The Trinity

In Richard Rohr and Mike Morrell’s text, The Divine Dance: The Trinity and Your Transformation we get insight into a different perspective on the Trinity. For many, many years Christians in the west have struggled with how to make sense of the Trinity, like it is a puzzle about God’s identity that we must solve to uncover the mysteries of faith. But Christians in the east have other ideas, and more importantly other ways to see things. Christians in the east see mystery less as a problem to be solved as more as a window to understand something that can’t be described in detail, like a “How to” manual. There is a reason that technology and innovation has taken hold in the west and that capitalism has flourished in our part of the world. There have been many benefits of this perspective, we solve diseases, make like easier, reduce and challenge ignorance.
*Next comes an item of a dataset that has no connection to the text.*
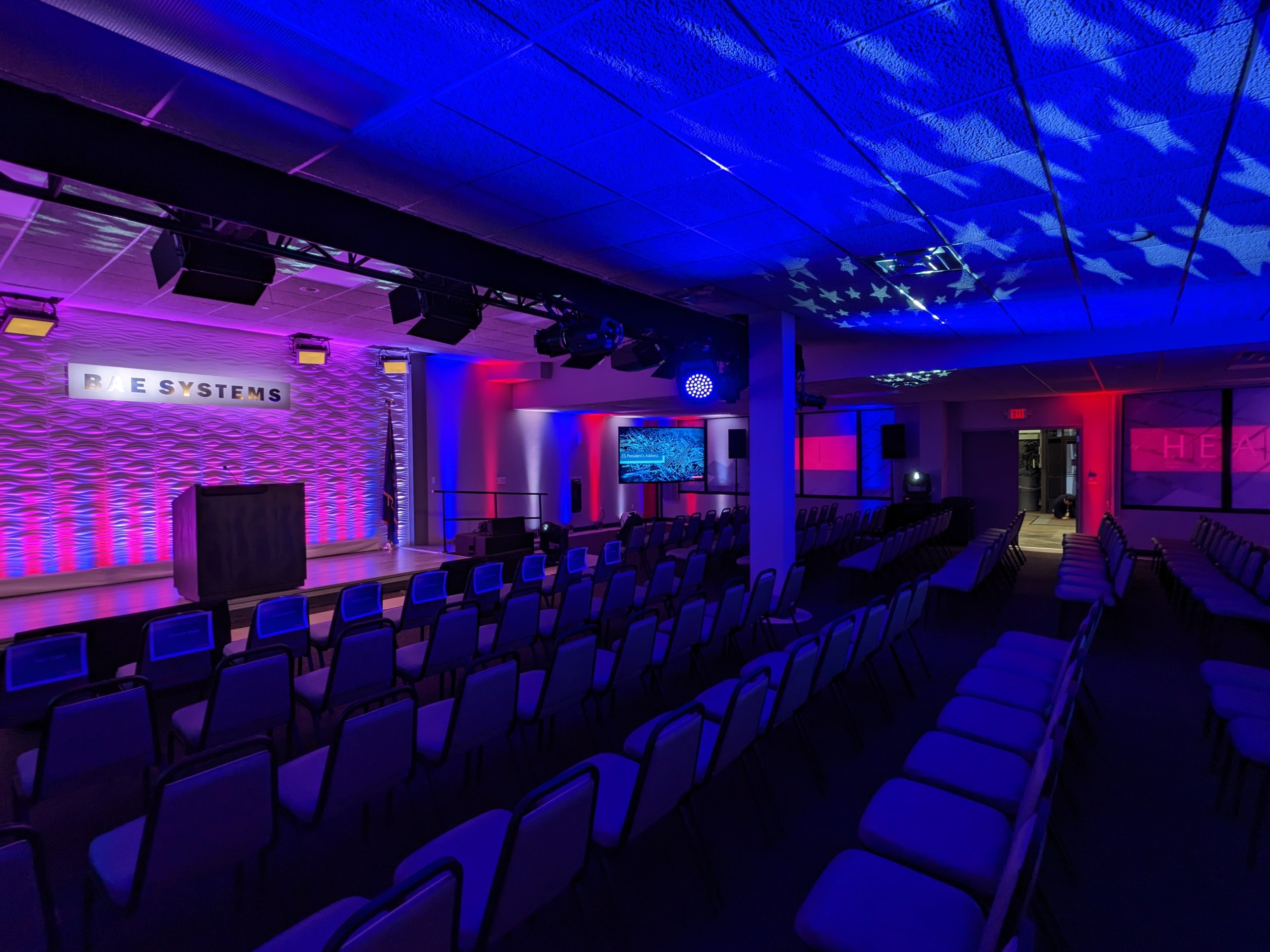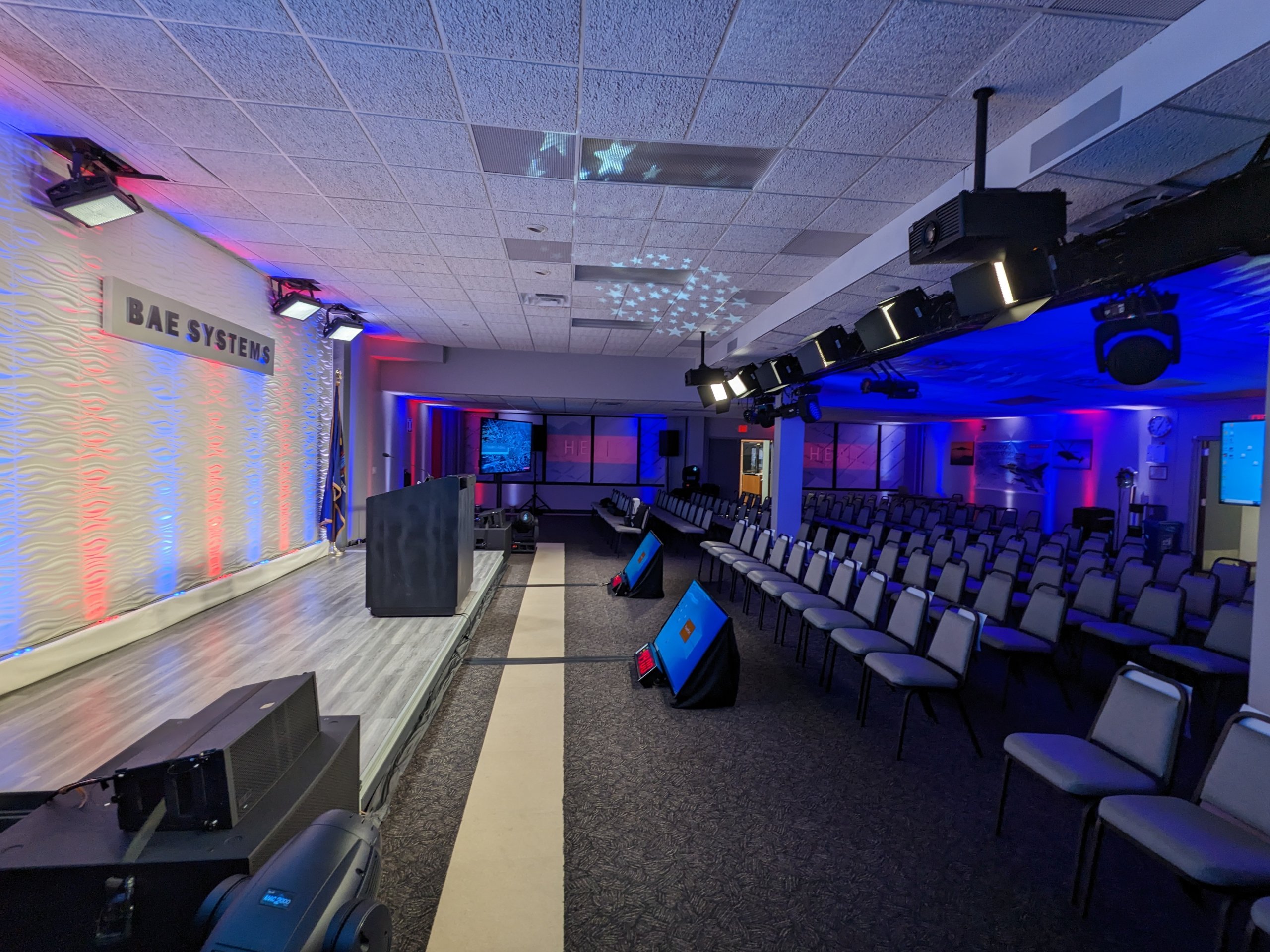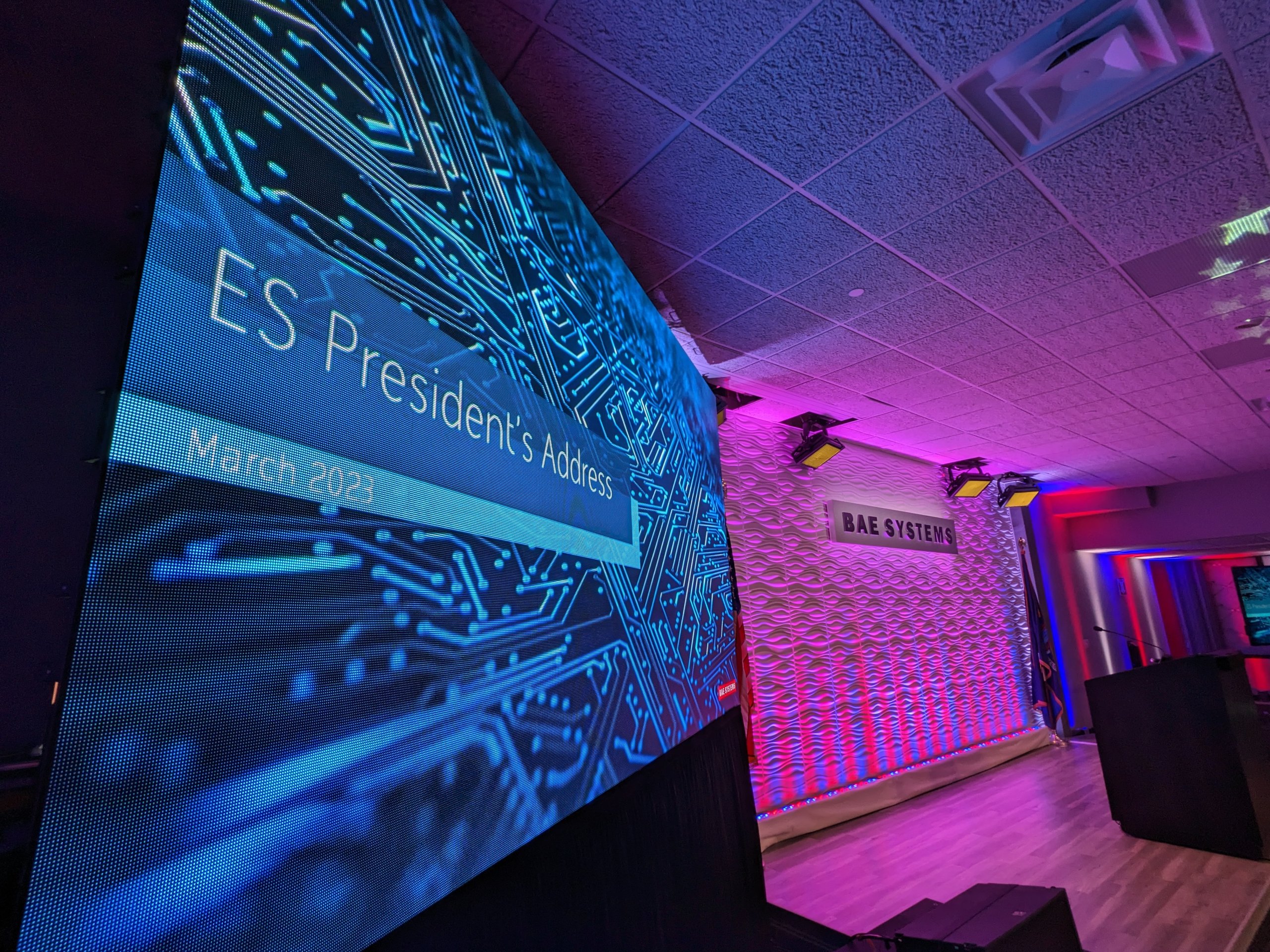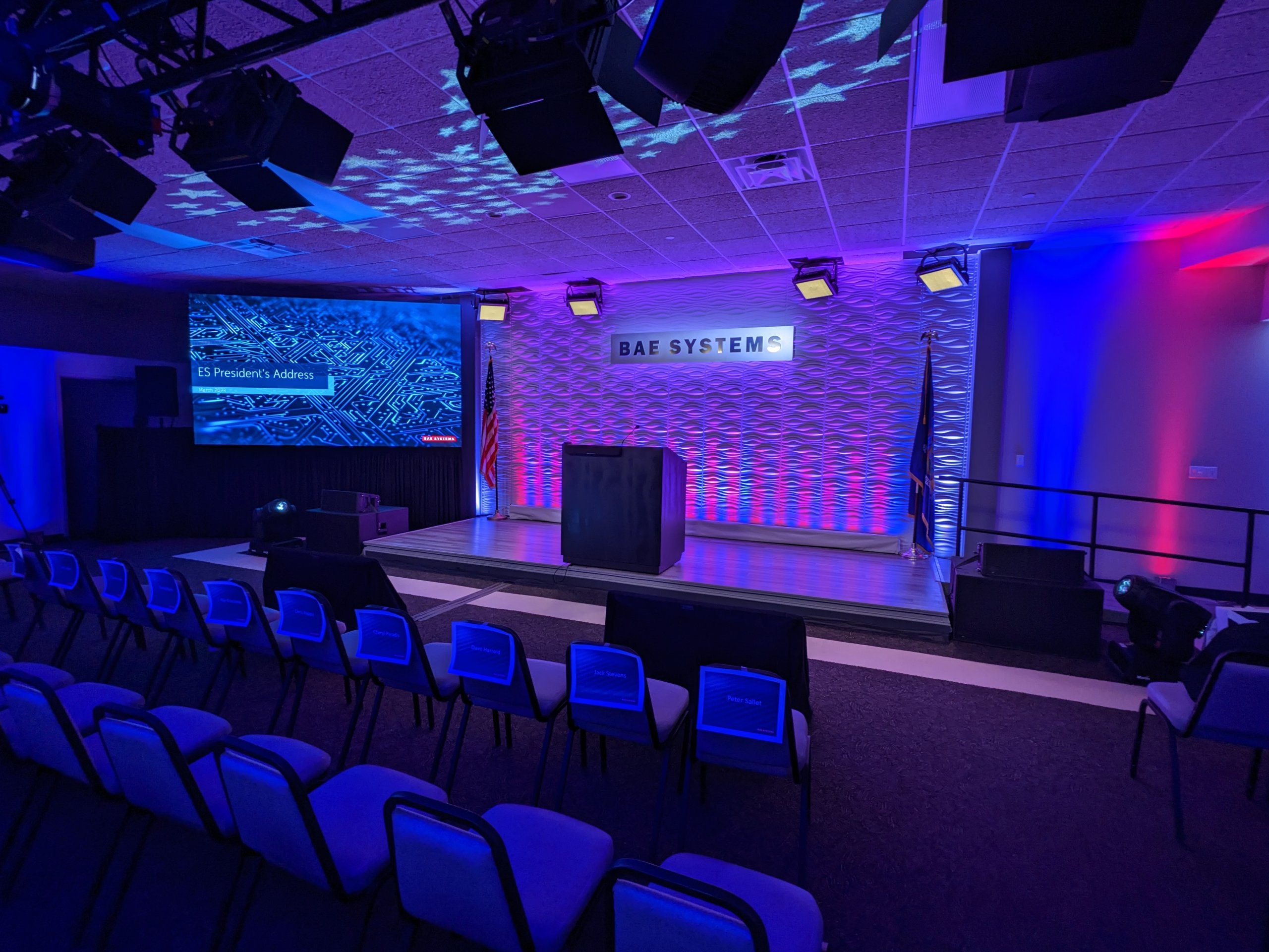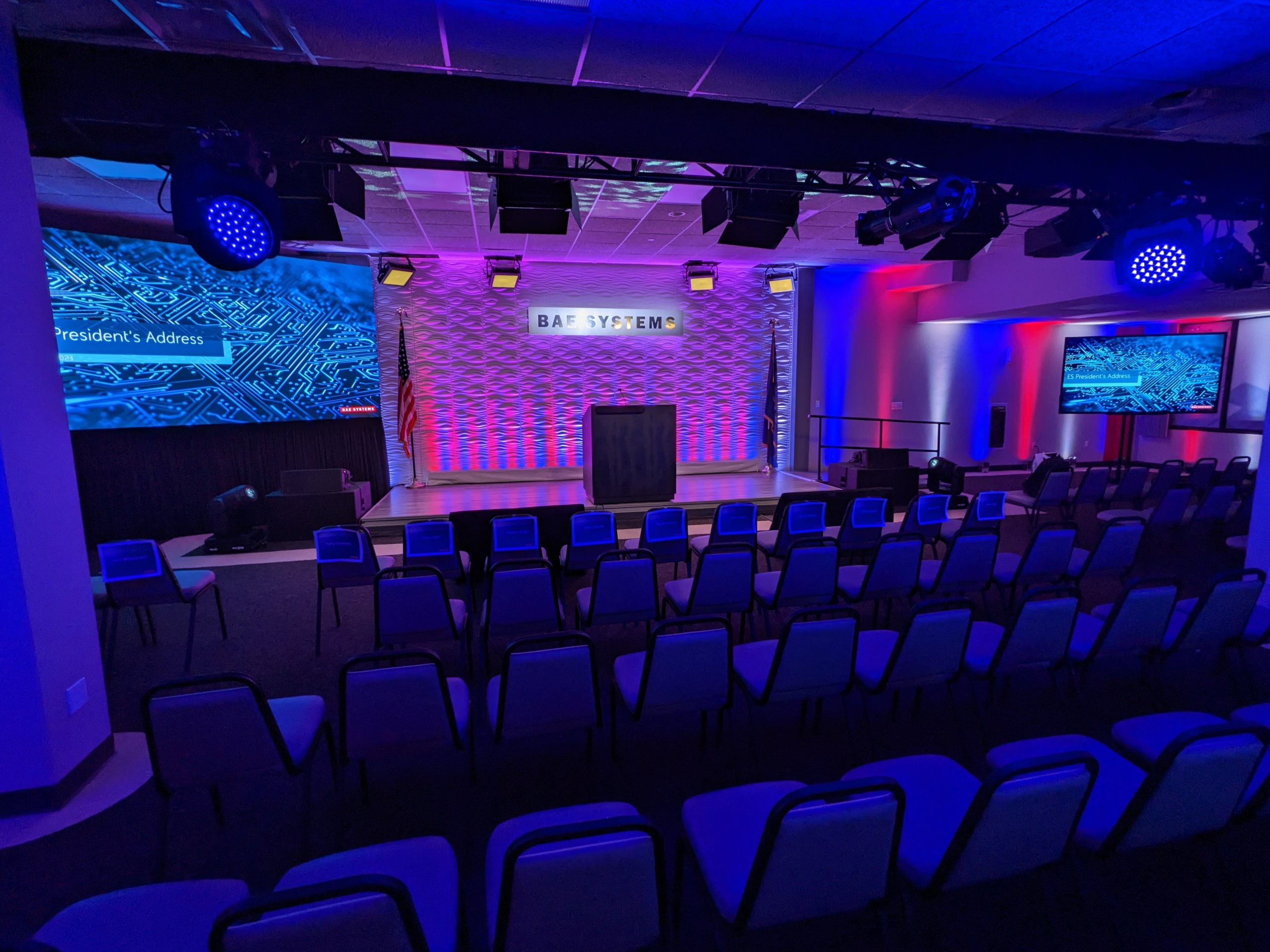 In support of our client Mark Brown from Ovations LLC, and his client BAE Systems Electronic Systems, we provided complete video, audio, lighting, rigging, and production services for for their 2023 President’s Address. The program originated from this client’s facility in Greenlawn NY, where a local audience of about 150 people gathered in an auditorium which we transformed into a hybrid event space / broadcast studio. Thousands of others participated virtually from around the country.

But there are many mysteries we leave behind because we cannot understand, they simply defy logic so we ignore them. As a result some of the experience of knowing God in art, symbolism, ritual and silence washes right over us. We are the poorer for this. The Trinity may be one of those mysteries, that sitting and looking at an icon like Andrei Rublev’s fifteenth century icon The Hospitality of Abraham may uncover something about humanity and our journey with God that we desperately need to hear.

Here is a short section of writing by Rohr and Morrell on this icon and its insight into the Trinity.

https://cac.org/take-place-table-2016-09-13/

In Genesis we see the divine dance in an early enigmatic story (18:1-8). “The Lord” appears to Abraham as “three men.” Abraham and Sarah seem to see the Holy One in the presence of these three, and they bow before them and call them “my lord” (18:2-3 Jerusalem Bible). Their first instinct is one of invitation and hospitality—to create a space of food and drink for their guests. Here we have humanity feeding God; it will take a long time to turn that around in the human imagination. “Surely, we ourselves are not invited to this divine table,” the hosts presume.

 This story inspired a piece of devotional religious art by iconographer Andrei Rublev in the fifteenth century: The Hospitality of Abraham, or simply The Trinity. As icons do, this painting attempts to point beyond itself, inviting a sense of both the beyond and the communion that exists in our midst.

There are three primary colors in Rublev’s icon, each illustrating a facet of the Holy One: Gold: “the Father”—perfection, fullness, wholeness, the ultimate Source. Blue: “the Incarnate Christ”—both sea and sky mirroring one another (In the icon, Christ wears blue and holds up two fingers, telling us he has put spirit and matter, divinity and humanity, together within himself. The blue of creation is brilliantly undergirded with the necessary red of suffering.)

Green: “the Spirit”—the divine photosynthesis that grows everything from within by transforming light into itself (Hildegard of Bingen called this viriditas, or the greening of all things.)

 The icon shows the Holy One in the form of Three, eating and drinking, in infinite hospitality and utter enjoyment between themselves. If we take the depiction of God in The Trinity seriously, we have to say, “In the beginning was the Relationship.” The gaze between the Three shows the deep respect between them as they all share from a common bowl. Notice the Spirit’s hand points toward the open and fourth place at the table. Is the Holy Spirit inviting, offering, and clearing space? I think so! And if so, for what, and for whom?

 At the front of the table there appears to be a little rectangular hole. Most people pass right over it, but some art historians believe the remaining glue on the original icon indicates that there was perhaps once a mirror glued to the front of the table. It’s stunning when you think about it—there was room at this table for a fourth. The observer. You! Yes, you—and all of creation—are invited to sit at the divine table. You are called “to consciously participate in the divine dance of loving and being loved,” as Wm Paul Young, the best selling author of The Shack, writes. The mirror seems to have been lost over the centuries, both in the icon and in our on-the-ground understanding of who God is—and, therefore, who we are too! Gateway to Silence: Come, sit at the table.